Pretty sweet...I can't wait to hit the trails soon....its been a long winter...Muddie49


----------



## lilbigtonka (Dec 30, 2008)

yep it is about time for everyone to start posting riding pics and vids again woot woot


----------



## 650Brute (Dec 18, 2008)

Nice, Looks like a great place!


----------



## Big D (Jun 23, 2009)

Sweet....but man that water looks cold


----------



## snipe523 (Mar 19, 2009)

That water was freezing. 5 minutes into our ride we crossed a creek that was deeper than I thought. i didn't lift my feet up and water went right down my left foot. My pants were frozen stiff within about ten minutes but surprisingly my foot never got cold.


----------



## 08GreenBrute (Jul 13, 2009)

looks like a fun ride


----------



## Polaris425 (Dec 16, 2004)

awesome photos!!!


----------



## phreebsd (Dec 16, 2004)

man that creek looked fun! i love riding creeks!


----------



## Big D (Jun 23, 2009)

snipe523 said:


> That water was freezing. 5 minutes into our ride we crossed a creek that was deeper than I thought. i didn't lift my feet up and water went right down my left foot. My pants were frozen stiff within about ten minutes but surprisingly my foot never got cold.

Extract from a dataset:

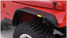 Be ready for anything — equip your Jeep Wrangler with Bushwacker Flat Style Fender Flares. They're the first and only flat style flares made to absorb impact, using our proprietary Dura-Flex(R) 2000 TPO — the thickest, most flexible material available. Flat Style Fender Flares maximize your tire coverage and wheel articulation for severe off-road use. Yet they're carefully engineered to install with a minimum of extra tools and bodywork (see the installation guide for your specific vehicle for details). For example, our mounting brackets bolt straight onto your Jeep for added strength and simpler fitting. Our design integrates neatly with the factory rocker guards, and incorporates DOT-compliant LED side marker lights and fully molded wheel well protection. The flares are 100% UV protected, too, to stop chalking in its tracks. If you want the look — and the real-world performance — that best fits an American icon, nothing goes with your Jeep better than Bushwacker Flat Style Fender Flares.
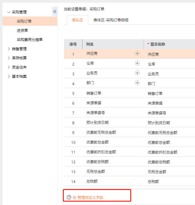 单据自定义设置入口:系统管理【单据模板设置】-“管理自定义字段”

Chest waders....they're great unless they fill up


----------



## IBBruin (Feb 10, 2009)

Except for the last two pictures, it looks EXACTLY like a place I used to ride in Benton La. I had to scroll back up to see where you lived.


----------



## gpinjason (Nov 10, 2009)

the first two pics with the powerlines remind me of Superlift ORV park in Hot Springs Arkansas... looks like fun!


----------



## MTImodquad (Jan 2, 2009)

Nice pics man!! Looks like fun!


----------



## MUDDIE49 (Aug 30, 2009)

Great pictures and man does that water look:rockn: cold...!!!


----------



## Doughboy77 (Jan 14, 2010)

Wow! Looks like those trails just go on forever. Cool!


----------